Using awk to extract information from vcf file

Question

I have a file with millions of lines like the following:

chr1    18217866        .       T       A       52.2409 .       AB=0;ABP=0;AC=2;AF=0;AN=2;AO=2;CIGAR=1X;DP=2;DPB=2;DPRA=0;EPP=7.35324;EPPR=0;GTI=0;LEN=1;MEANALT=1;MQM=60;MQMR=0;NS=1;NUMALT=1;ODDS=7.37776;PAIRED=0;PAIREDR=0;PAO=0;PQA=0;PQR=0;PRO=0;QA=74;QR=0;RO=0;RPP=7.35324;RPPR=0;RUN=1;SAF=2;SAP=7.35324;SAR=0;SRF=0;SRP=0;SRR=0;TYPE=snp      GT:DP:RO:QR:AO:QA:GL    1/1:2:0:0:2:74:-7.03,-0.60206,0

And I am trying to find all of the lines that match a given number in the second column where AF=0 like so:

grep '1821786*' file.vcf | cut -f 8 | awk -F \; '$4 == 0 {print $4}' | wc -l

The problem with this is that:

grep '1821786*' file.vcf | cut -f 8 |

prints : AF=0 so that this is not ever matched by the comparison of $4 == 0 in the awk statement.

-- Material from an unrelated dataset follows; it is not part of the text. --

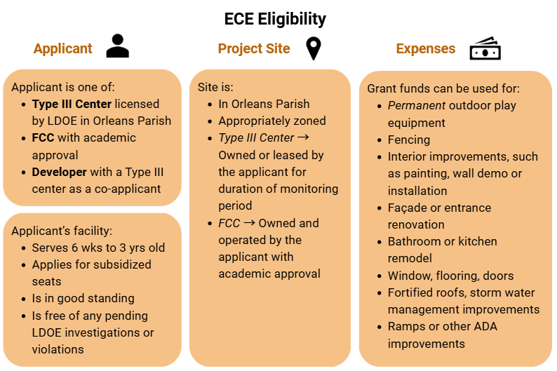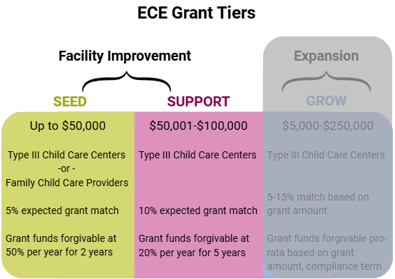 Grantees shall agree to operate, or continue to operate, an Early Childhood Education facility meeting program terms outlined in the grant agreement for a minimum of 2 years for Seed Grants and 5 years for Support Grants, from the completion of fund disbursement. Grant funds will be forgivable, and subject to recapture, on a prorated basis:

Is there a way to strip off the AF= so that the awk statement will match 0 in the 4th column?

Answer 1

It can all be done in single awk and with much more accuracy:

awk -F '[;[:blank:]]+' '$2 ~ /^1821786/ && $11 == "AF=0"{++n} END{print n}' file.vcf

-F '[;[:blank:]]+' sets input field separator as a semi-colon or a space/tab.

Answer 2

Actually it looks like awk has a substitution function that is useful here:

grep '1821786*' file.vcf | cut -f 8 | awk -F \; '{sub(/AF=/,"")} $4 ==0 {print $4}' | wc -l

This can then be used on any of the other info in vcf files as needed.